Auxiliary verbs are literally helper verbs, such as “do” or “have”. Therefore Helpword works well, as does Help plus any one of the above suggestions for “verb”: Helpworkword, Helpdeedword, Helpdoingword, or Helpdoword.

Conjunctions (and, but, or) quite plainly serve to link other words and phrases; they are linking words. At the risk of being completely unimaginative, how about Linkword? The Latinate word itself, “conjunction”, means a joining or linking together.

Adjectives are words which describe nouns. So in the sentence “The quick brown fox jumps over the brown dog”, “quick” and “brown” describe the noun “fox”, and “brown” describes the noun “dog”.

The English word “adjective” ultimately comes from the Latin nomen adjectivum, meaning something like “joined onto a noun”. Dutch has bijvoeglijk naamwoord, bijvoegen meaning “to attach, attach, enclose”, and bijvoeglijk therefore being the adjectival form “attached”; this would appear to be a Latin calque. We can see that both the Latin and the Dutch don’t so much have to do with the function of the adjective, but rather the adjective’s dependent relationship with nouns. German has Eigenschaftswort which oversets as “particularity/ownship word”. That is, a word which specifies which type of noun we are talking about (is it a “red car” or a “green” one, for example).

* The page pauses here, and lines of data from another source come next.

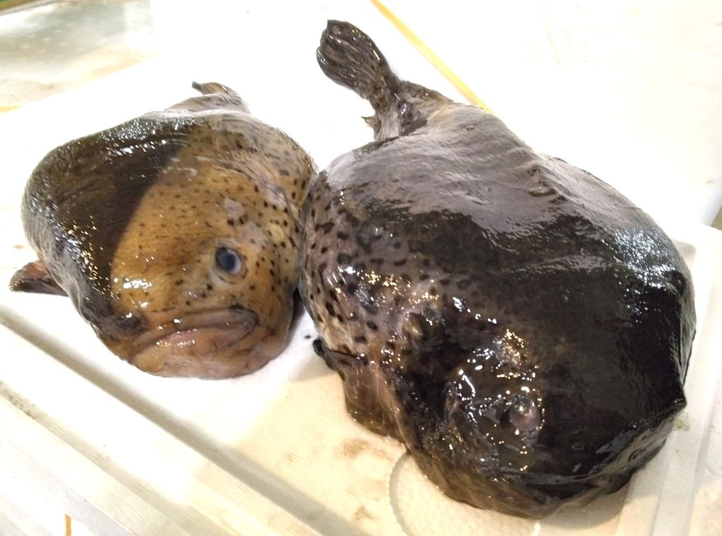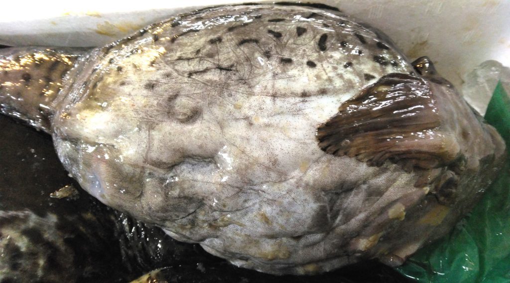 このお魚はゴッコ。標準和名ホテイウオです。右がメスで4尾入りの5.5キロ。左がオスで4尾入りの4キロでありました。産地は北海道の噴火湾とのこと。左のオスは体表の模様、半分に分かれてますね。人の顔にも似た風貌がかわいらしい。ベテランのお客さんに話を聞くと、当然商品化する時には魚をさばくんだけど、落とした頭に付いている目と目線があったりして、たまにびっくりすることがあるんだそう。ヌメリがすごいんで、塩を振ってヌメリを浮かせた後で熱湯をかけるんだけど、身の部分が結構縮んでしまうんだとか。ヌメリ、確かにすごかったです。滑り止め付きの軍手をはめても一苦労。両手でつかむのも大変でした。産卵期を迎えてるので、卵が透けて見えたりしないのかな、とか思って、メスを裏返してみたんだけど…。
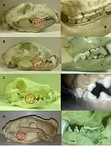 Creodonts have two or three pairs of carnassial teeth, but only one pair performed the cutting function: either M1/m2 or M2/m3, depending on the family.[8] In Oxyaenidae, it is M1 and m2 that form the carnassials. Among the hyaenodontids it is M2 and m3. Unlike most modern carnivorans, in which the carnassials are the sole shearing teeth, in the creodonts other molars have a subordinate shearing function.[9] The fact that the two lineages developed carnassials from different types of teeth has been used as evidence against the validity of Creodonta as a clade.[10][11][12]
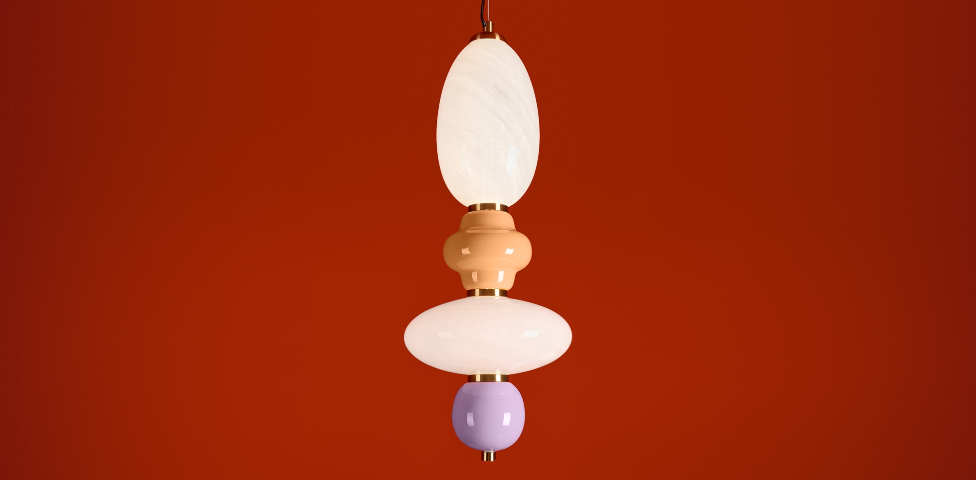 Металлическая арматура черного цвета. Глянцевые белые стеклянные плафоны с перламутровым рисунком и керамическими цветными элементами. LED источник света. Два вида подвеса.
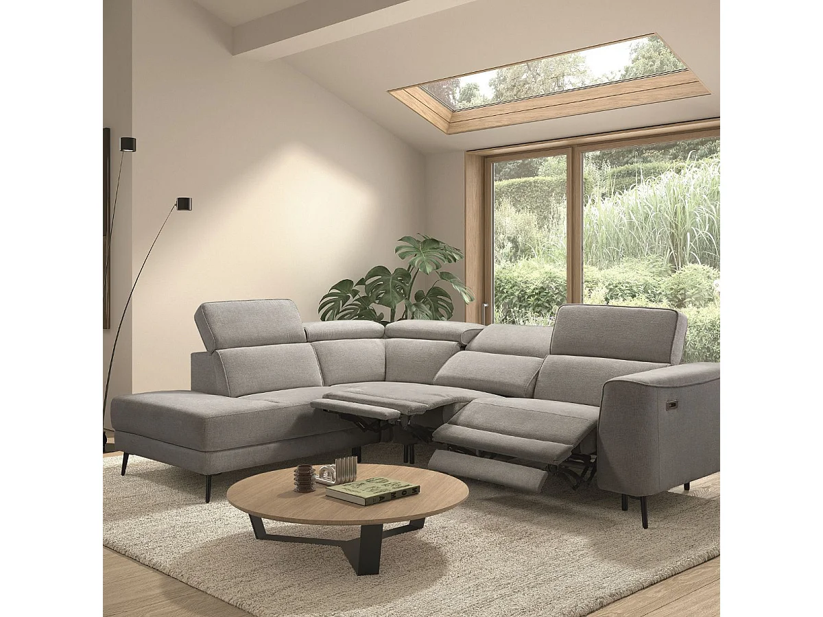 Canapé d'angle gauche avec 2 places relax électrique tissu gris - BAMAKO
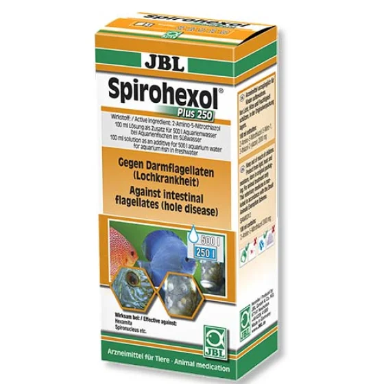 JBL Spirohexol Plus 250 — эффективное лекарство для аквариумных рыб против жгутиковых (например, Hexamita) и дырочной болезни. Препарат содержит активные вещества, направленные на уничтожение патогенных микроорганизмов и восстановление здоровья рыб. Подходит для всех видов пресноводных декоративных рыб.

“Describing-word” would be the plainest, but “describe” is Latinate. Therefore we could say Outlineword, because to “describe” something is surely the same as to “outline” it. If we wanted to take the shades of meaning of the Latin or Dutch words, we could also say Stuckonword or Cleaveword. I favour Outlineword or Outliner.

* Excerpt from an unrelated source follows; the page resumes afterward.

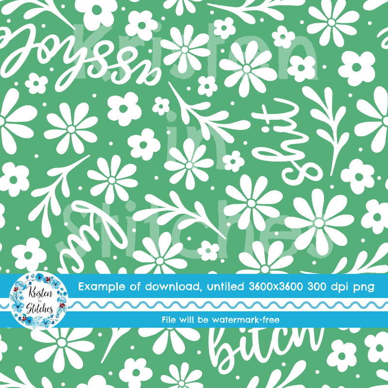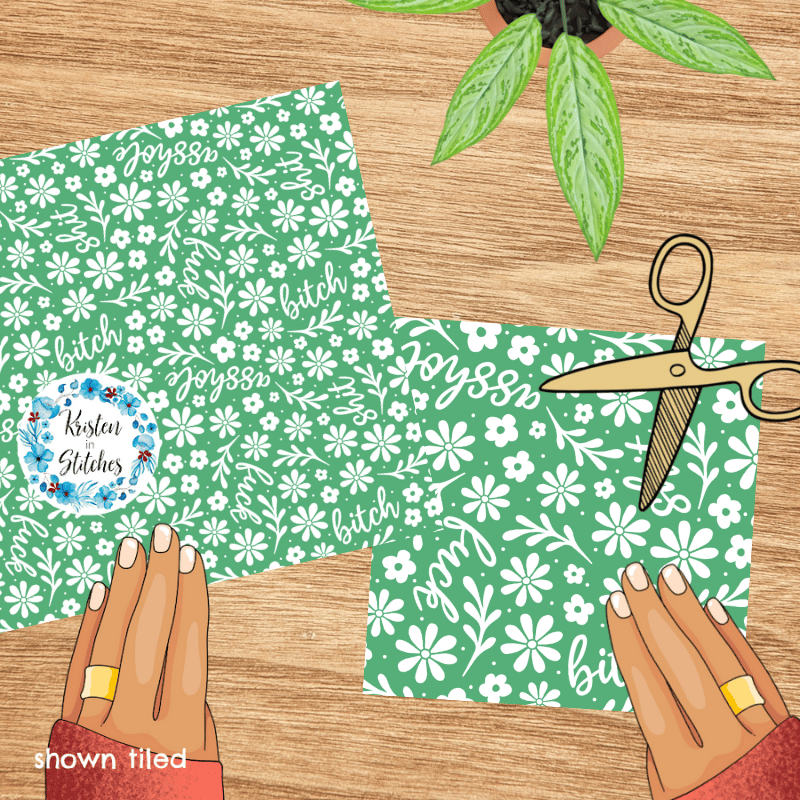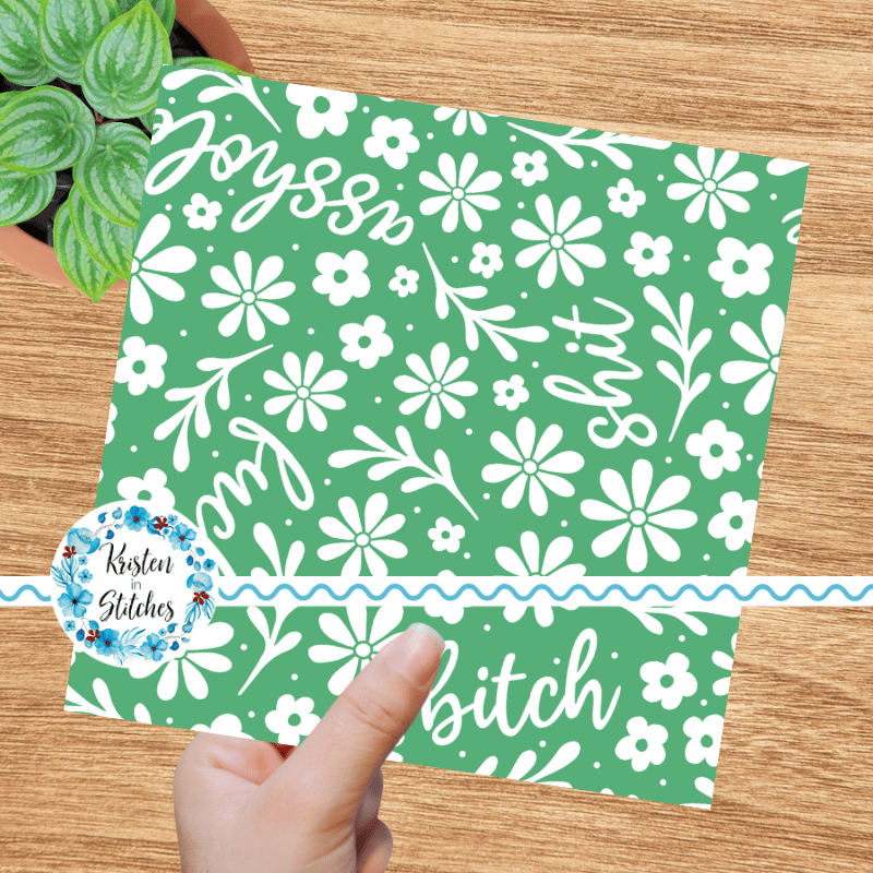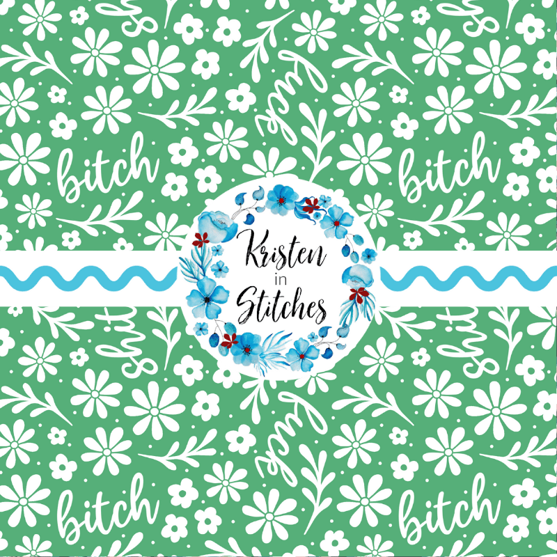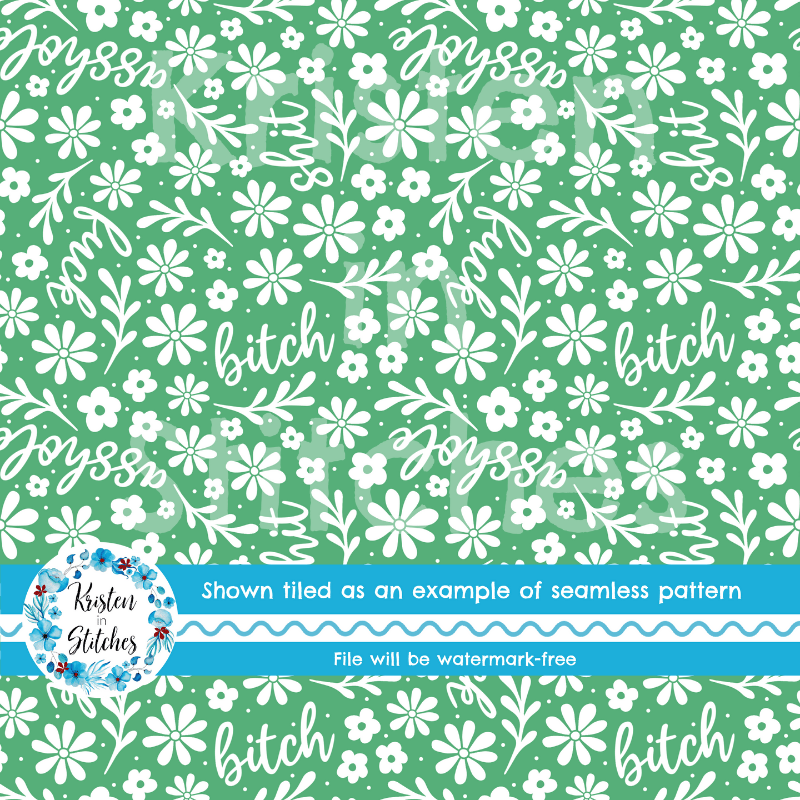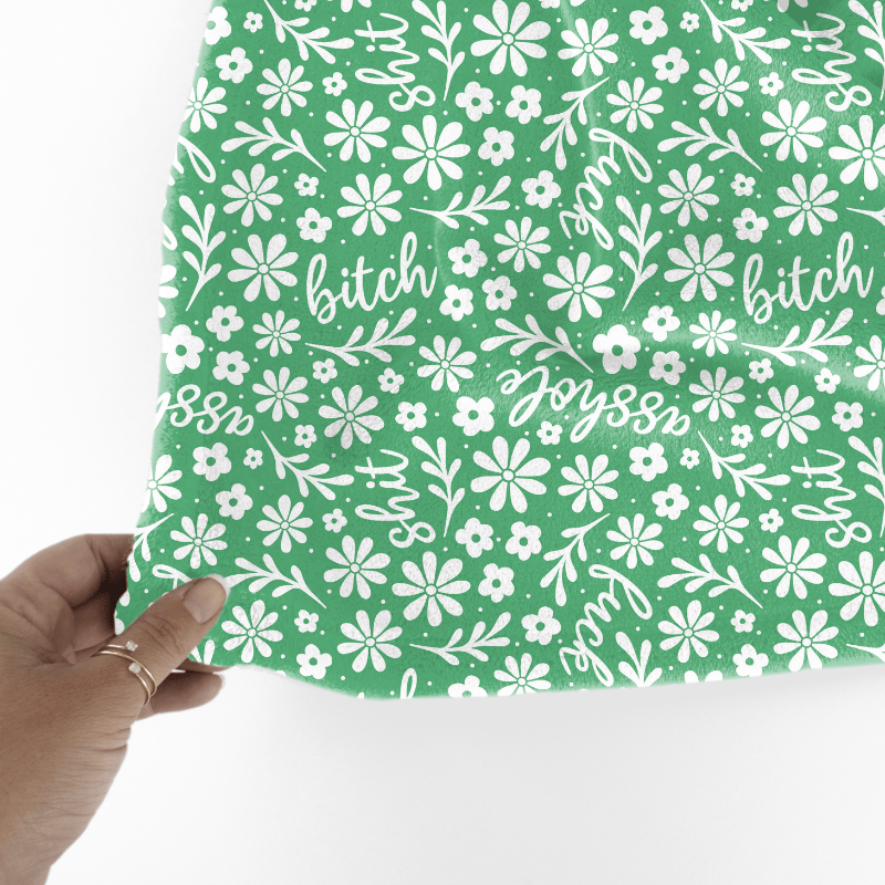 Subtle Sweary Floral Seamless Pattern, Swear Words Flowers in Green

Adposition. Okay, so what’s an “adposition”? Well, “prepositions”, which we have in English, come before the noun phrase, whereas “postpositions”, which we do not have in English, come after the noun phrase; “adposition” is a term covering both “pre-“ and “post-“ positions.

So an adposition is a word which tells us the spatial or temporal or syntactic relationship between things. In English we have in, on, through, by, and so on. For “preposition”, Dutch has voorzetsel ‘foreputting’ which makes a lot of sense as the word is not only “fore-put”, but also relates to where words are put in their spatial, semantic, or syntactic relations. Danish has forslag ‘foreslap’, which I’m not so keen on. I’m not 100% happy, but I feel Putword is a good alternative to “adposition”, so “preposition” and “postposition” respectively become Foreputword and Afterputword. I also quite like Foreputting and Afterputting.

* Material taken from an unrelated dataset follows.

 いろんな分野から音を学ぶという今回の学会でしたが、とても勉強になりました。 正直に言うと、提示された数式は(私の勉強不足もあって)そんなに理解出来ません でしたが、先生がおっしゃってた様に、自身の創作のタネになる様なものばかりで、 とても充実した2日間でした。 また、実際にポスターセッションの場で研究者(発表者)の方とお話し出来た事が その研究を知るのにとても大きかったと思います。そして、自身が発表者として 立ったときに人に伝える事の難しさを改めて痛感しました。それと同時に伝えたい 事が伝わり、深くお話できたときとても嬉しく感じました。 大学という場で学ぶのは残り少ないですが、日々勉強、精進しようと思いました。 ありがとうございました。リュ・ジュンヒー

Demonstratives point out exactly which thing one is talking about. In current English we have “this”, “these”, “that”, and “those”. So, they point out things. “Point out” is a phrasal verb; the go-along noun, that is a thing which points something out, would either be point-out or outpointer. So either Pointoutword or Outpointer.

Phrases are literally clusters of words in a grammatical configuration. Wordcluster? German has Redewendung ‘speechturn, turn of speech’ and Setz ‘set’. Speechturn? Speechset?

I haven’t come up with alternatives for many wordclasses, as you can see. But that isn’t just because I lack the imagination to come up with suitable words. There is a second, more valid reason. That is, many of the words are rather technical (morpheme? Complementiser?) and therefore are beyond the scope of this post; I’ll revisit them later.